• **Task instructions**
Below are some records. Return exactly their lines from the one containing "À Manches Volantées – T-Shirt Basique – Ecru" through the one containing "Индекс доллара, отслеживающий", and drop the pictures.

• **Stored data**
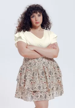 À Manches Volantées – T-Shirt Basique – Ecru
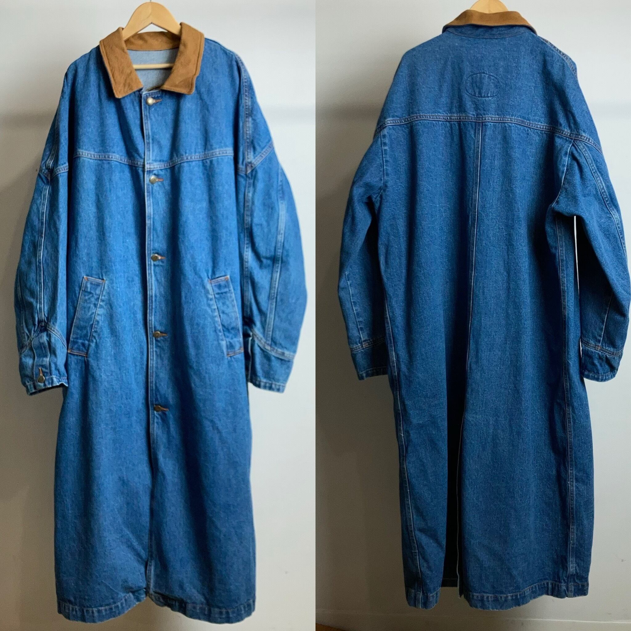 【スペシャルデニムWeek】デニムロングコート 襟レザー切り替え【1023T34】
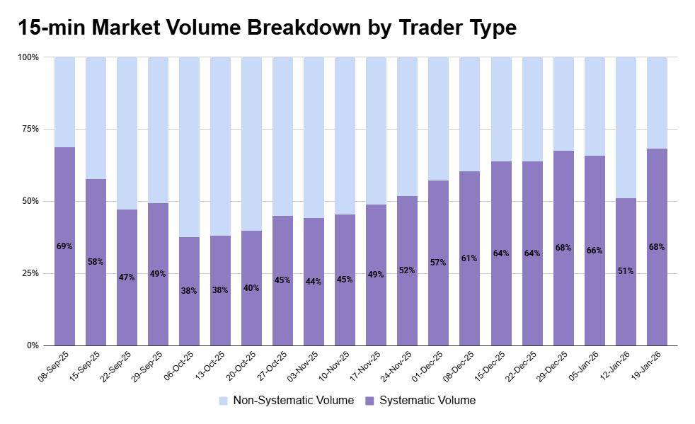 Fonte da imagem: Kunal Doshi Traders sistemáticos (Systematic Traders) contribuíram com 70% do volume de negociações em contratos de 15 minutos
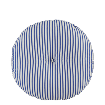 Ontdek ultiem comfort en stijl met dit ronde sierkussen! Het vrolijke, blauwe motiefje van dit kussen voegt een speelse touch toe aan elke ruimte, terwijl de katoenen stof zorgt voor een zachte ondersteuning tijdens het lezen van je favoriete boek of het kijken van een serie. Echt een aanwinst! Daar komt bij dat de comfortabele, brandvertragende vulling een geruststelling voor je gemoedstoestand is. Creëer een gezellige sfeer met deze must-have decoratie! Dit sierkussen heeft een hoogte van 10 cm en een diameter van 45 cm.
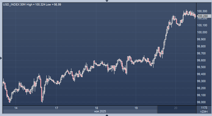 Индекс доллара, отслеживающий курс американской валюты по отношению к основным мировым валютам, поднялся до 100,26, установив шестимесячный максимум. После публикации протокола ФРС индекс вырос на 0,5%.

---

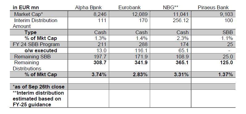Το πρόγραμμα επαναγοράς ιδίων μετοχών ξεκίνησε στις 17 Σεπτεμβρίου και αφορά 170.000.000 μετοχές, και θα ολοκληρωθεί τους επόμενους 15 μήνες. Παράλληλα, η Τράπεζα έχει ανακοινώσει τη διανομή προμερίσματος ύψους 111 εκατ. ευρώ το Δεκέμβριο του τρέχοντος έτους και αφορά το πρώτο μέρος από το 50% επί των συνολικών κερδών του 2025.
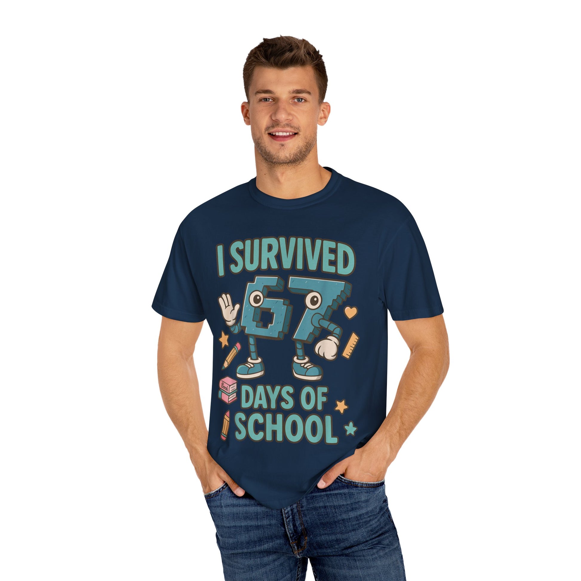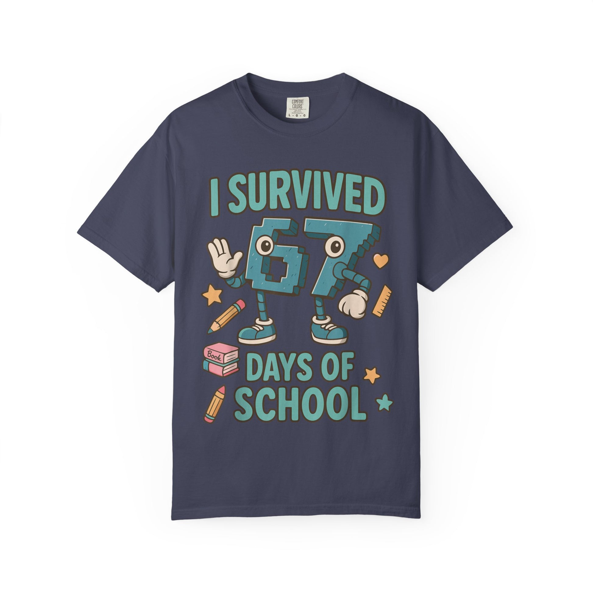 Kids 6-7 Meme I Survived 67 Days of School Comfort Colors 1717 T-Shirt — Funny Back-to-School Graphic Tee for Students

• **Response below**
 À Manches Volantées – T-Shirt Basique – Ecru
 【スペシャルデニムWeek】デニムロングコート 襟レザー切り替え【1023T34】
 Fonte da imagem: Kunal Doshi Traders sistemáticos (Systematic Traders) contribuíram com 70% do volume de negociações em contratos de 15 minutos
 Ontdek ultiem comfort en stijl met dit ronde sierkussen! Het vrolijke, blauwe motiefje van dit kussen voegt een speelse touch toe aan elke ruimte, terwijl de katoenen stof zorgt voor een zachte ondersteuning tijdens het lezen van je favoriete boek of het kijken van een serie. Echt een aanwinst! Daar komt bij dat de comfortabele, brandvertragende vulling een geruststelling voor je gemoedstoestand is. Creëer een gezellige sfeer met deze must-have decoratie! Dit sierkussen heeft een hoogte van 10 cm en een diameter van 45 cm.
 Индекс доллара, отслеживающий курс американской валюты по отношению к основным мировым валютам, поднялся до 100,26, установив шестимесячный максимум. После публикации протокола ФРС индекс вырос на 0,5%.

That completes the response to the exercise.